* _The task_: Return the data word for word. Pictures are to be omitted.

* _Recorded information_:
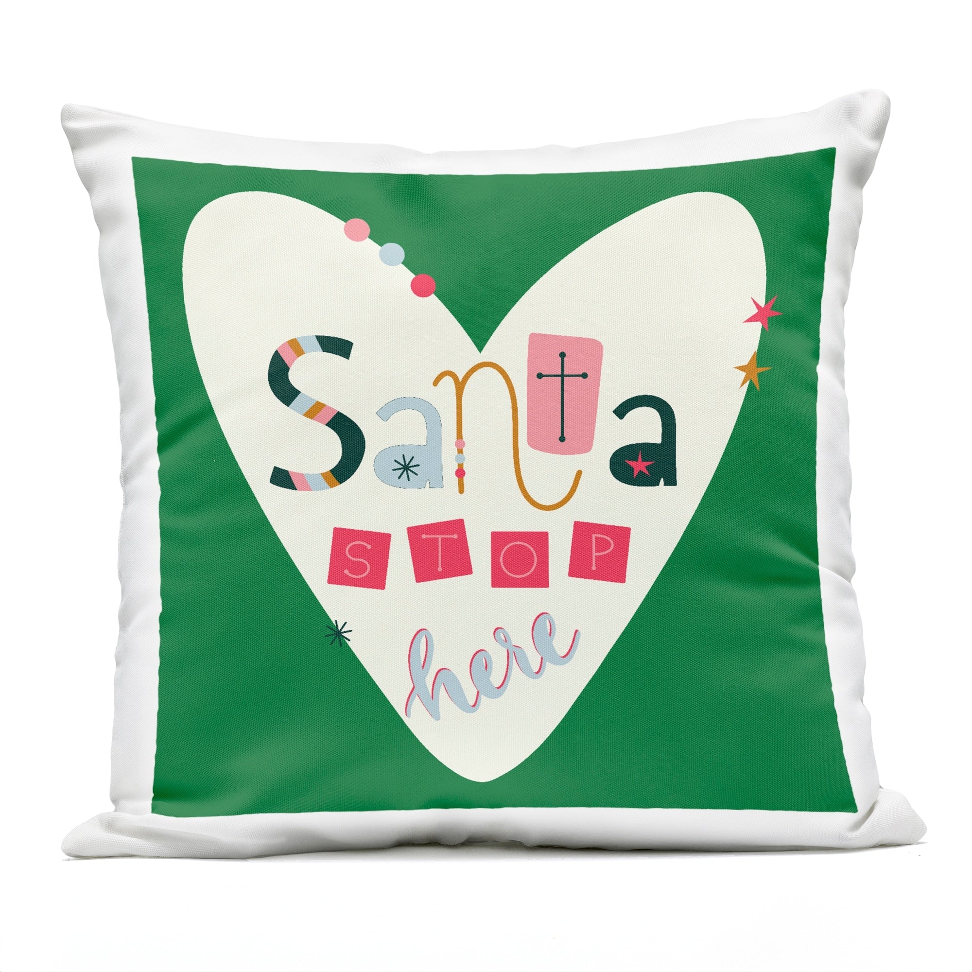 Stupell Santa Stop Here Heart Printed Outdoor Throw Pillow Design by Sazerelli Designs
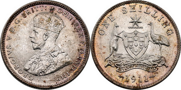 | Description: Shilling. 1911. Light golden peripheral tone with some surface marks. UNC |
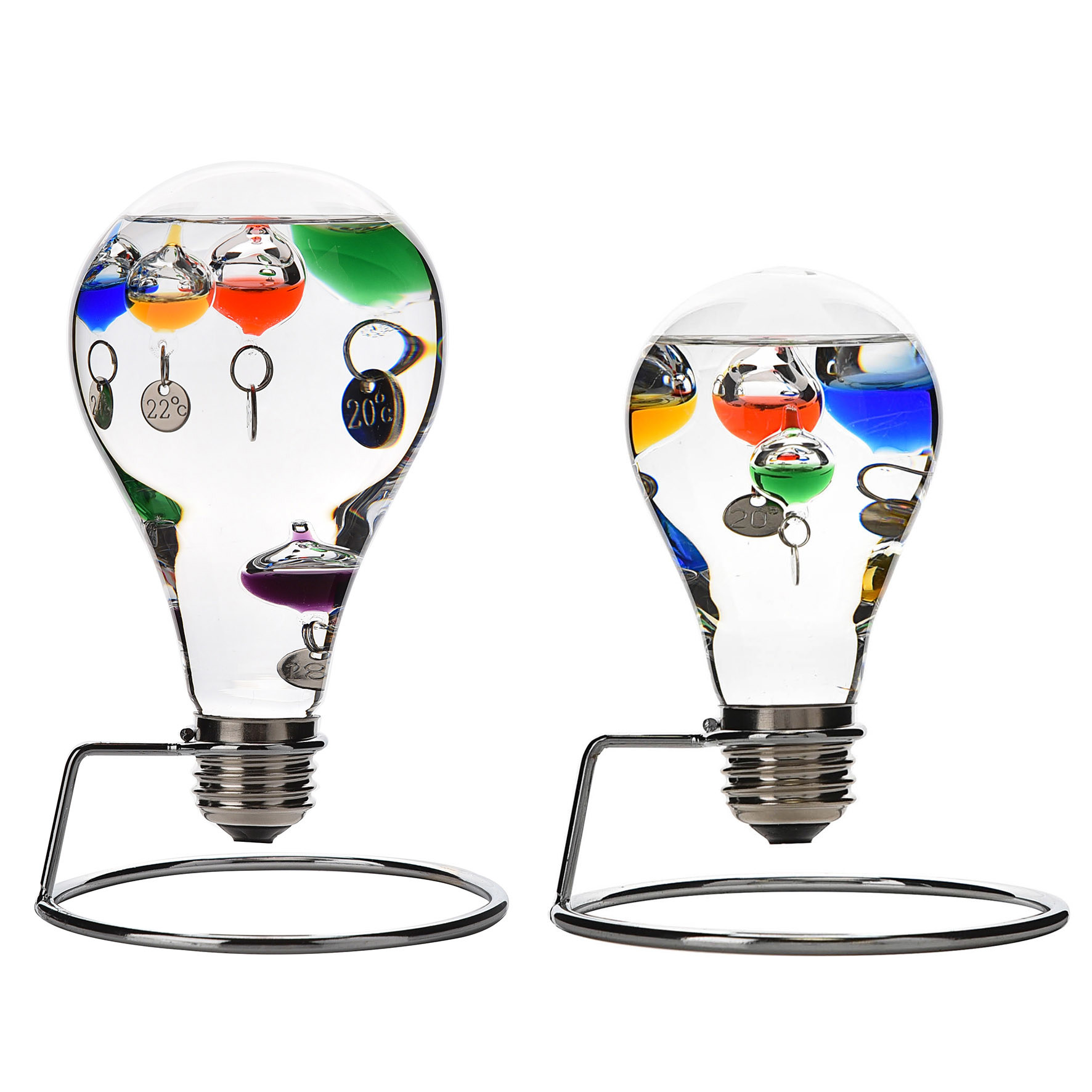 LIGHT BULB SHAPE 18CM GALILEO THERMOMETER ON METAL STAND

* _Task response_:
 Stupell Santa Stop Here Heart Printed Outdoor Throw Pillow Design by Sazerelli Designs
 | Description: Shilling. 1911. Light golden peripheral tone with some surface marks. UNC |
 LIGHT BULB SHAPE 18CM GALILEO THERMOMETER ON METAL STAND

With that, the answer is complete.